D.C. Police Chief Charles H. Ramsey yesterday dismissed complaints from police officers who collect evidence that a new deployment plan is burdening them.
"We've had evidence not being sent to the lab in a timely fashion before [deployment began]," Chief Ramsey said on WTOP radio's "Ask the Chief" program.
"That happened long before redeployment, so you can't blame that on redeployment. Some of that is just people not doing their job like they're supposed to, quite frankly."
But forensics officials, who work in the Crime Scene Examination Section, commonly known as "mobile crime," said evidence work must be careful and painstaking or the prosecutor's case against a suspect will fall apart.
"That's just [wrong]," one lab officer said of the chief's remarks.
"We were short six people before deployment began, not to mention we don't have enough supervisors to follow up on the cases," the officer said.
Prosecutors told The Times that the deployment of the evidence officers has caused investigations to be delayed.
Wilma A. Lewis, U.S. attorney for the District of Columbia, also is concerned that the redeployment plan will delay evidence from getting to prosecutors, who have 100 days to return a grand jury indictment against a suspect, as The Times first reported Tuesday.

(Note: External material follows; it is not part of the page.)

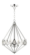 The Paragon 3 Light Pendant is a statement piece that would be a striking addition to any interior. The Diamond shaped pendant is constructed from a contemporary polished chrome cage with a complimentary ring of diamond shaped crystals which beautifully reflects the light and creates a stunning sparkling lighting effect. Also available in a single light version.

A new burden hanging over lab officers is the daily request to report to the troubled 5th police district, located mostly in Northeast, for patrols in areas plagued by drug trafficking, lab officers told The Washington Times.

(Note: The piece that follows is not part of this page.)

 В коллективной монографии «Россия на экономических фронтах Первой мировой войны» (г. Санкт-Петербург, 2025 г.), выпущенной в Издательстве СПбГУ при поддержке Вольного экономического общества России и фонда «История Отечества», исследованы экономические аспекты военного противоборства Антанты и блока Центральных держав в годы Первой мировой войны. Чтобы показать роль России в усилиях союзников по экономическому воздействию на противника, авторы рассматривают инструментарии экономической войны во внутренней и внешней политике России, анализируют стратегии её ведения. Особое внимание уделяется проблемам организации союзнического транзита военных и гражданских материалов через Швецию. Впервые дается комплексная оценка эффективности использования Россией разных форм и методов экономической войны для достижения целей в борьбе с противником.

"We don't have time to spare for patrol in 5D" because of the current case backlog, one lab officer told The Times. "It goes to show you how much they really don't know about the work we do. There's always evidence to be moved. There's always evidence in your evidence bin that you can send some place."
But Assistant Police Chief William P. McManus told The Times that all specialized units such as canine, bomb squad or the mobile crime officers are supposed to be on patrol if they are not responding to a specific call. If an incident requires a specialized unit, members are paged and told to respond to the scene, he said.
"There should be minimal impact from redeployment," he said.
Mobile crime officers, however, said the only time they're relieved of deployment patrol is for high-profile cases where the department's reputation is at stake, such as the Sept. 28 killing of a Gallaudet University student or the fatal shooting of an undercover Maryland state trooper Oct. 30.
Sgt. Gerald G. Neill, the head of the D.C. police union, again confirmed yesterday the accounts of crime lab officers and agreed it can put cases in jeopardy.
"You're robbing Peter to pay Paul," he said. "Sooner or later, it's going to hurt you."
"The mobile crime lab deals with the most serious crimes, and it's under scrutiny at trial," Sgt. Neill said. "The chief is not the one who stands up [in court] and says, 'We had to hurry.' It's the officer who has to stand up for that evidence."
Chief Ramsey said lab officers should work late to finish the evidence, or pass it on to someone else rather than let it sit for a week while they're on deployment. Lab officers countered that many cases have more than 100 pieces of evidence stored in various places, and having another officer take over brings the risk of a mistake of breaking the chain of custody.
Following a spate of fatal shootings and pressure from the D.C. Council in August, Chief Ramsey announced the new deployment plan, which puts about 800 extra officers on patrol on the District's streets for one week a month, from 8 p.m. to 4 a.m., Tuesday through Saturday.
Chief Ramsey and other top officials have said if they find problems, they will fix them or exempt certain units from deployment.
"I've said all along there are consequences to the redeployment," the chief said yesterday.
"I'm not opposed to pulling crime-scene search off this thing, but I think it's premature, and certainly I think you should have all the facts before you make comments."